DATASET CONTENT:
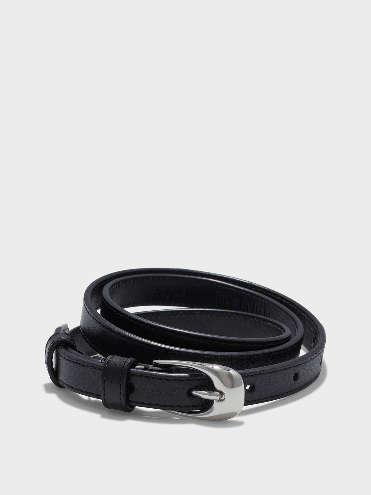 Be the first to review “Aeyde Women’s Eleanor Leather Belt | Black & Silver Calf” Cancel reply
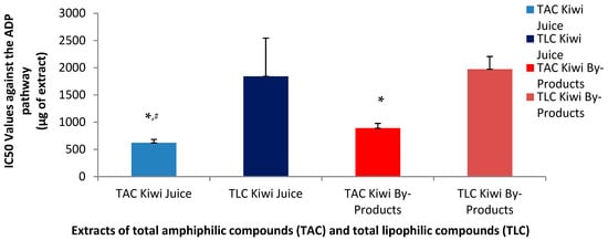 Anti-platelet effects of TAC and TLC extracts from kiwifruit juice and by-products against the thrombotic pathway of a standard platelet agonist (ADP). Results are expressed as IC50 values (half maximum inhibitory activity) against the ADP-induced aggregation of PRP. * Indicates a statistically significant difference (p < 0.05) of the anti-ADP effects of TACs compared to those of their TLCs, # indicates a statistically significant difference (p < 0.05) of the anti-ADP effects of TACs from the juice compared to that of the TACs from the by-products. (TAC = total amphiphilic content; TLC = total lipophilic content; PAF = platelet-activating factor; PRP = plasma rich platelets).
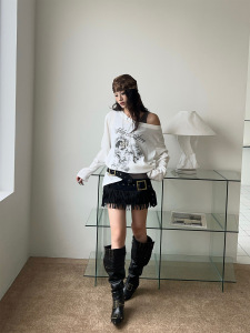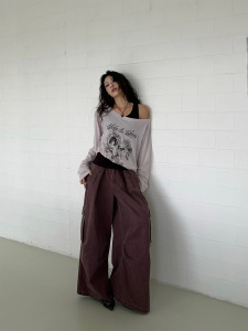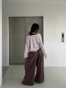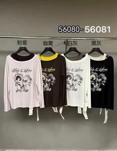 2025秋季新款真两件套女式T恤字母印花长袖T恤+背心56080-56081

WHAT IS REQUIRED: Any picture in the material is to be left out, and everything else is to be retyped as is.

EXERCISE ANSWER:
 Be the first to review “Aeyde Women’s Eleanor Leather Belt | Black & Silver Calf” Cancel reply
 Anti-platelet effects of TAC and TLC extracts from kiwifruit juice and by-products against the thrombotic pathway of a standard platelet agonist (ADP). Results are expressed as IC50 values (half maximum inhibitory activity) against the ADP-induced aggregation of PRP. * Indicates a statistically significant difference (p < 0.05) of the anti-ADP effects of TACs compared to those of their TLCs, # indicates a statistically significant difference (p < 0.05) of the anti-ADP effects of TACs from the juice compared to that of the TACs from the by-products. (TAC = total amphiphilic content; TLC = total lipophilic content; PAF = platelet-activating factor; PRP = plasma rich platelets).
 2025秋季新款真两件套女式T恤字母印花长袖T恤+背心56080-56081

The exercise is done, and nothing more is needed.